What the task requires
The listing below should be printed exactly, every line of it. Skip the pictures.

Input data
Segment Open
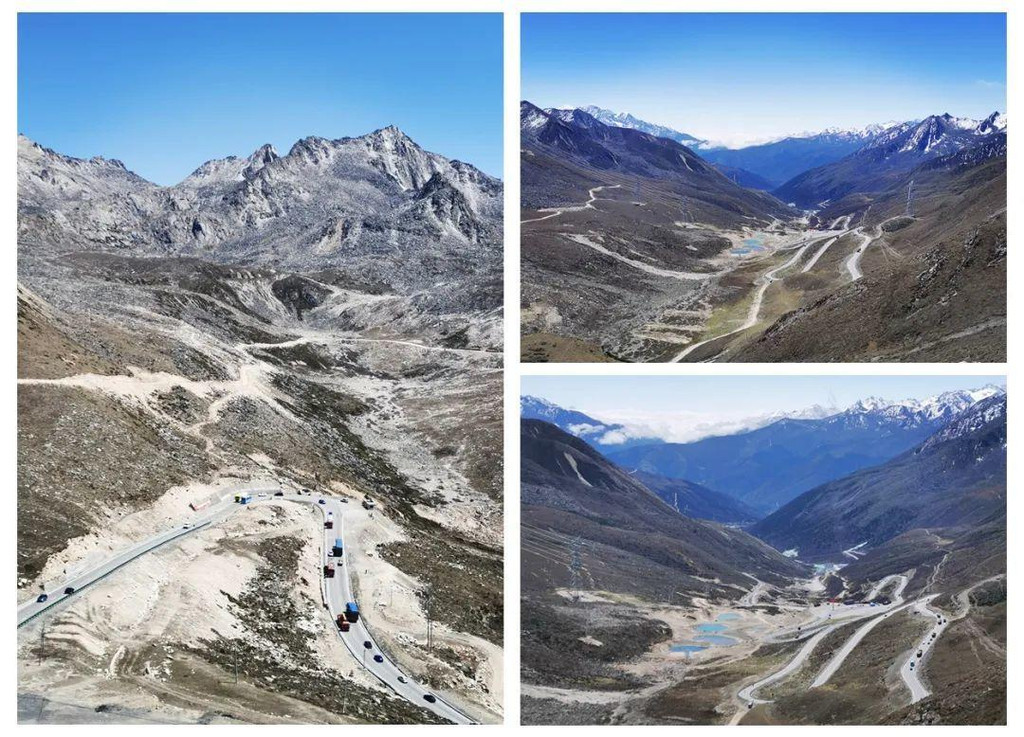 站在垭口四顾瞭望,崇山峻岭连绵不绝,雪峰峡谷巍峨壮阔,盘曲公路如山舞银蛇,串联碧湖似翡翠璎珞。
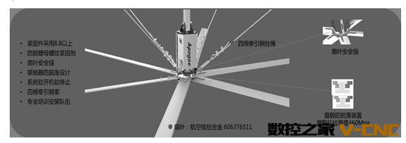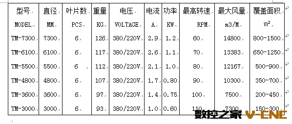1. 扇叶直径:7.3米 2. 扇叶片数:6片
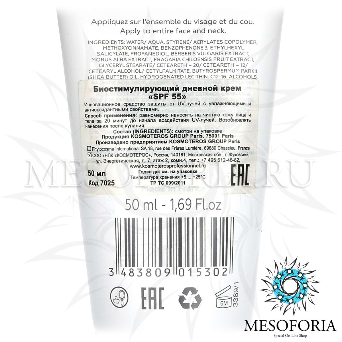 Биостимулирующий дневной крем SPF-55 / Creme De Jour Biostimulante SPF 55, Kosmoteros (Космотерос), 50 мл
Segment Closed
Expected output
 站在垭口四顾瞭望,崇山峻岭连绵不绝,雪峰峡谷巍峨壮阔,盘曲公路如山舞银蛇,串联碧湖似翡翠璎珞。
1. 扇叶直径:7.3米 2. 扇叶片数:6片
 Биостимулирующий дневной крем SPF-55 / Creme De Jour Biostimulante SPF 55, Kosmoteros (Космотерос), 50 мл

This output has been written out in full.